Much more famous Zelinsky was a prosecutor for Russia’s special adviser Robert Mueller, who successfully convicted Trump’s consignee Stone before a Barr ally intervened to give the President’s friend a lenient sentence recommendation. Both Zelinsky and Elias opened up to retaliation for their careers by testifying, as the aftermath of the indictment showed Trump purging the administration of numerous meddling witnesses and inspectors general.
Republicans were not interested in his testimony. They tried to derail the hearing because Zelinsky testified remotely, something she explained was protecting her newborn baby from COVID-19.
Later, they thought that having one of Mueller’s “merry bands of Never Trumpers”, in the phrase of Pennsylvania Republican Guy Reschenthaler, was a good opportunity to go after Russiagate. Instead, Zelinsky rejected the questions, alleging that the Justice Department had restricted him from testifying about anything about Mueller beyond his 2019 findings. Jordan repeated a impeachment tactic saying that, because Zelinsky had not spoken to Barr. He had no basis to say that there was something political about the Justice Department that nullified his team of career prosecutors to be easy on Stone. (Florida Rep. Matt Gaetz even went so far as to predict, “Roger Stone will be forgiven.”) Elias portrayed him as a Democratic pirate for being detailed to the Obama White House and seeking an assignment in early 2019 for House Democrats, who They claimed was enthusiasm for accusing Trump.

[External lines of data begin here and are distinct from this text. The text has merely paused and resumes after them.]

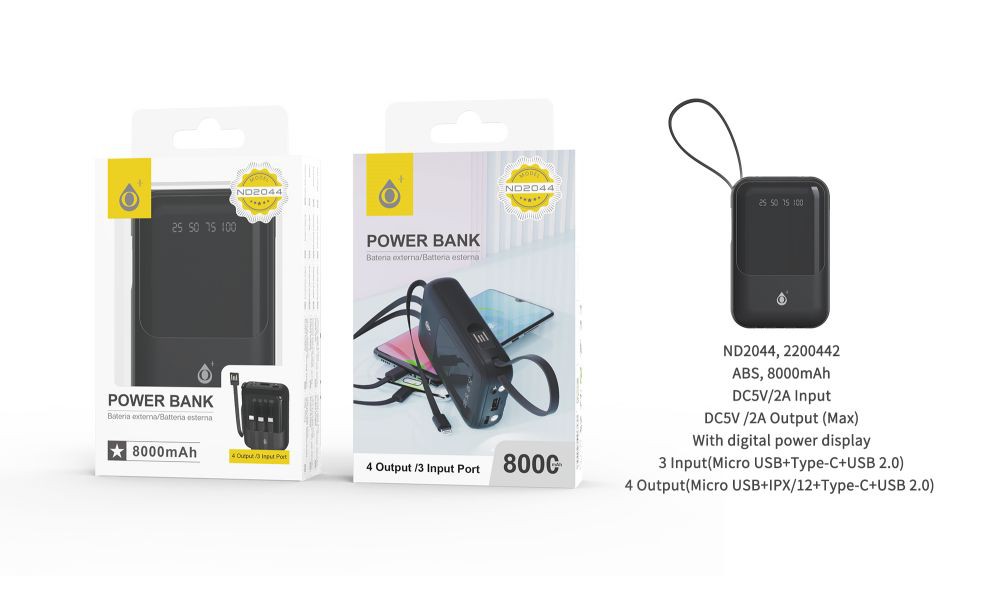 ND2044 NE Powerbank 8000mAh 2A salida,Con 3 conexciones de entrada(Micro USB+Type-C+USB 2.0) y 4 de salida (Micro USB+Iphone+Type-C+USB 2.0), Negro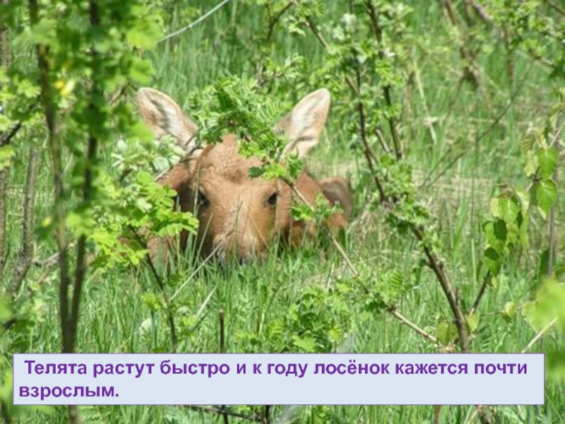 Слайд 62 Телята растут быстро и к году лосёнок кажется почти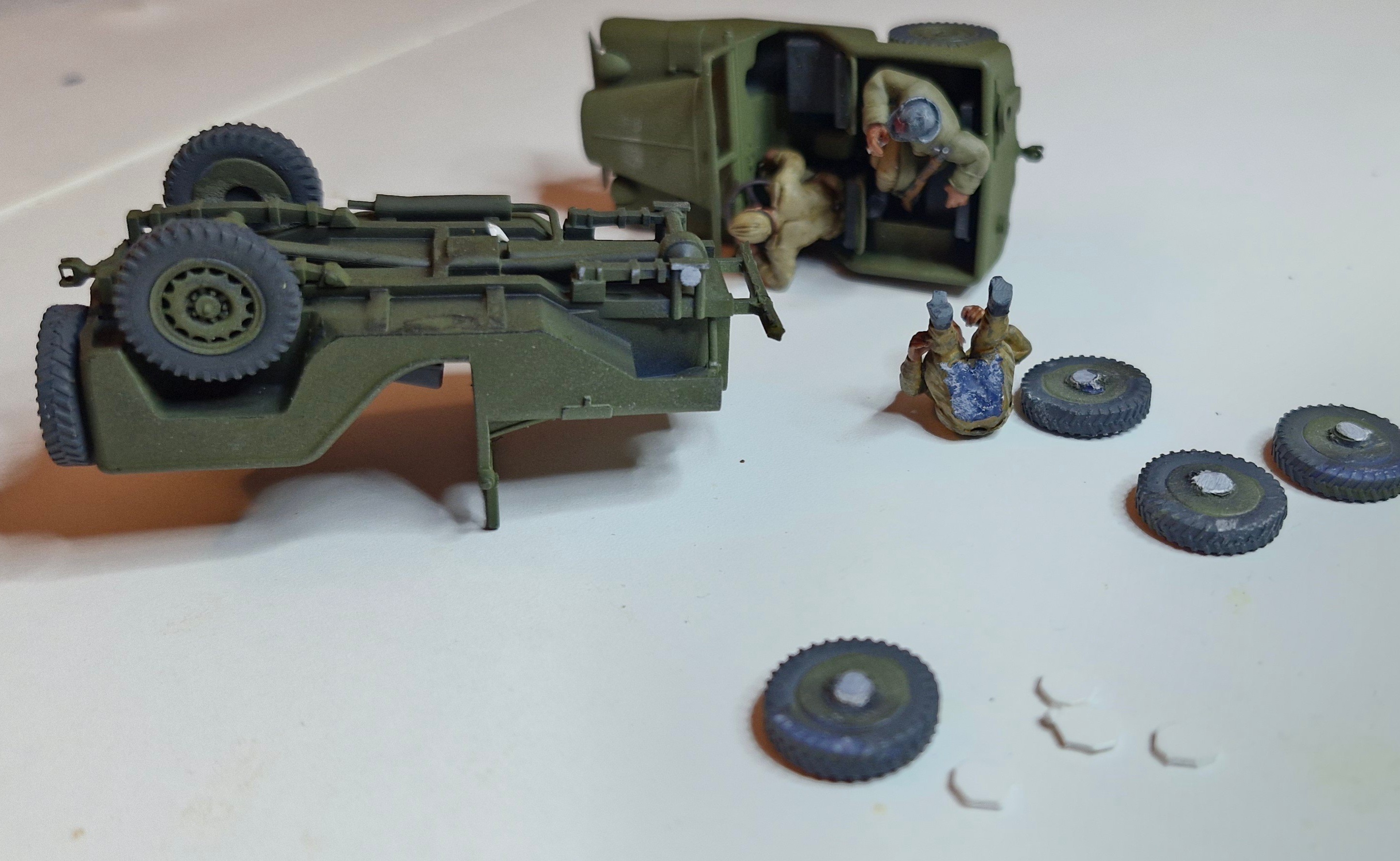 Running repairs, all 8 wheels broke off my Jeeps at the last event ????. That's the disadvantage of having perfection in scaling. Those little parts don't work when wargamers go brumm brumm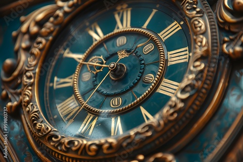 clock, vintage, antique, decorative, design, blue, bronze, roman numerals, horologe, ornate, detail, mechanical, wall clock, home decor, collectable, craftsmanship, classic, retro, stylish, artistic, interior design, old-fashioned, unique, handcraft, traditional, clock dial, watch, ornamentation, heritage, history, precision, beautiful, exquisite, refined, nostalgic, art deco, collectable, masterpiece, showpiece, exhibition, display, craft, artistry, mechanism, clockwork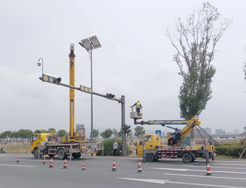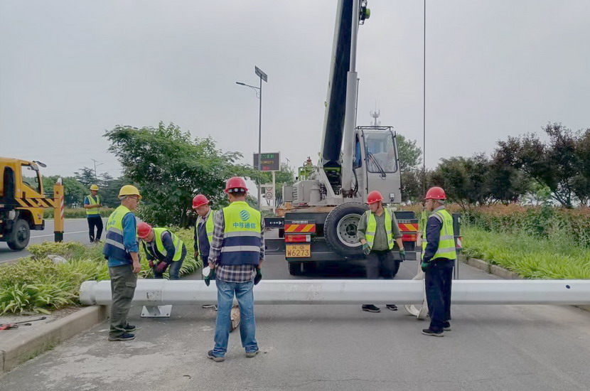 隨后,筆者一行,頂著烈日,驅(qū)車前往翔立分公司市政工程現(xiàn)場,在封閉的道路內(nèi),翔立公司一群黃馬甲戰(zhàn)士,正頂著烈日在緊張的進行交通監(jiān)控探頭安裝工作。據(jù)了解他們也是5點多種就到崗位上來了。經(jīng)理喬以成帶著兩名員工站在高高的升降機上,鉗子、扳手、鏍絲刀,各種工具在他們手里輪番操作,汗水已將其工作服的前胸后背浸透。好不容易等到他們安裝完一組探頭下來,我們一邊遞水,一邊采訪,老喬擰開瓶蓋,一口氣喝下半瓶,這才回答我們的問題:“不能不拼啊,我們離盈利還有不小的缺口,現(xiàn)在全公司、全集團都在解放思想提質(zhì)增效,不干、不努力哪里來的增效啊!”
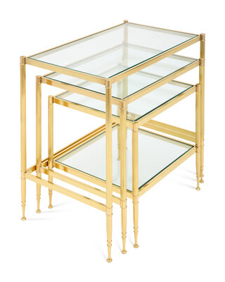 A Set of Three Brass and Glass Nesting Tables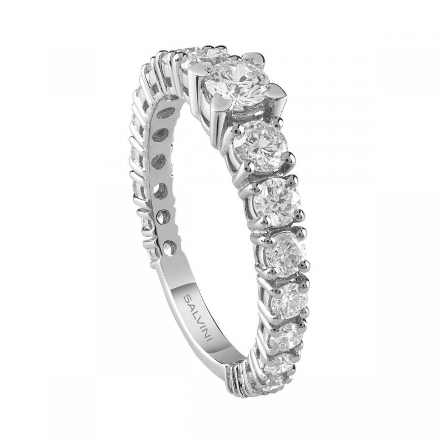 Anello in oro bianco e oro rosa con diamanti, della collezione Battito di Salvini.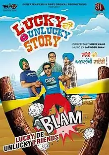 Lucky Di Unlucky Story is a 2013 Punjabi comedy film directed by Smeep Kang, and featuring Gippy Grewal, Jaswinder Bhalla, Gurpreet Ghuggi and Binnu Dhillon in lead roles; the group earlier came together for 2012 Punjabi comedy Carry On Jatta. The story is based on the lives of ladiesman Lucky; and his three married friends and how they enchance minor trouble. The film released on 26 April 2013 and became an instant blockbuster at the Indian box office apparently. The core storyline was loosely based on the 2002 Tamil movie Panchathantiram which itself was inspired by the 1998 movie Very Bad Things.[1]

Donald Ayer, who preceded Barr as deputy attorney general in the George HW Bush administration, had no inside knowledge of Barr’s attorney general. Instead, Ayer urged the committee to “be wary of everything it says,” from its actions to quell protests against white supremacy to “Obamagate nonsense being thrown out by the president” and washed up in the investigation. by John Durham on the origins of Russiagate. With Barr publicly describing Durham’s ongoing investigation, to the point that the attorney general hints at prosecutions to come, “no one is in a position to say he is wrong, but he is wrong,” Ayer said.
“Frankly,” Ayer continued, “my concern is that it will do so more and more in the coming weeks and months as we get closer to the election.. ” With Republicans lined up behind Barr and Democrats confused about what they will do, Yesterday’s concerns are unlikely to subside.